To add support for a new genomic data format:

1. Create new driver module in ``biallelic/drivers/my_format.py``:

.. code-block:: python

    """Load data from my custom format."""

    from biallelic.models import Aberration, AberrationType
    import pandas as pd

    def snv(file_path: str, logger, reference_map):
        """Load SNVs from my format.

        Args:
            file_path: Path to input file
            logger: Logger for diagnostic messages
            reference_map: Reference datasets (genes, sample_donors, etc.)

        Returns:
            DataFrame with Aberration structure (columns: chrom, start, end,
            aberration_type, aberration_subtype, sample_id, gene, vaf, ...)

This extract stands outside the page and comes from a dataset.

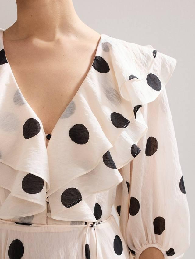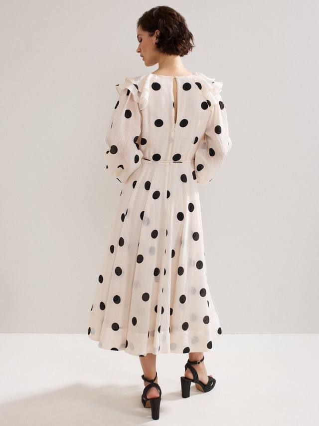 Это платье в горошек, неподвластное времени, — яркий и запоминающийся образ для торжественных случаев. Красивые оборки и рукава-блузон придают силуэту объём, переходя в пышную юбку миди, которая обеспечивает плавность движений. Дополните принт аксессуарами, чтобы создать изысканный наряд, который подойдёт как для скачек, так и для свадьбы.

            CRITICAL: Must return data in the standard Aberration DataFrame format!
            This is the harmonization mechanism that allows the framework to work
            with any data type.
        """
        logger.info(f"Loading SNVs from {file_path}")

        # Step 1: Parse the custom file format
        data = pd.read_csv(file_path, sep="\t")

        # Step 2: Create Aberration objects (this is the harmonization step)
        aberrations = []
        for idx, row in data.iterrows():
            # Map your format's fields to Aberration fields
            ab = Aberration(
                chrom=row["chromosome"],           # Your format's chromosome field
                start=int(row["pos_start"]),       # Your format's start position
                end=int(row["pos_end"]),           # Your format's end position
                aberration_type=AberrationType.SNV, # Standard type (from enum)
                aberration_subtype=row["consequence"], # Your format's consequence
                sample_id=row["sample"],           # Your format's sample ID
                gene=row.get("gene", "."),         # Your format's gene (or default)
                vaf=float(row.get("af", None)) if "af" in row else None  # Optional VAF
            )
            aberrations.append(ab)

        logger.info(f"Loaded {len(aberrations)} SNVs")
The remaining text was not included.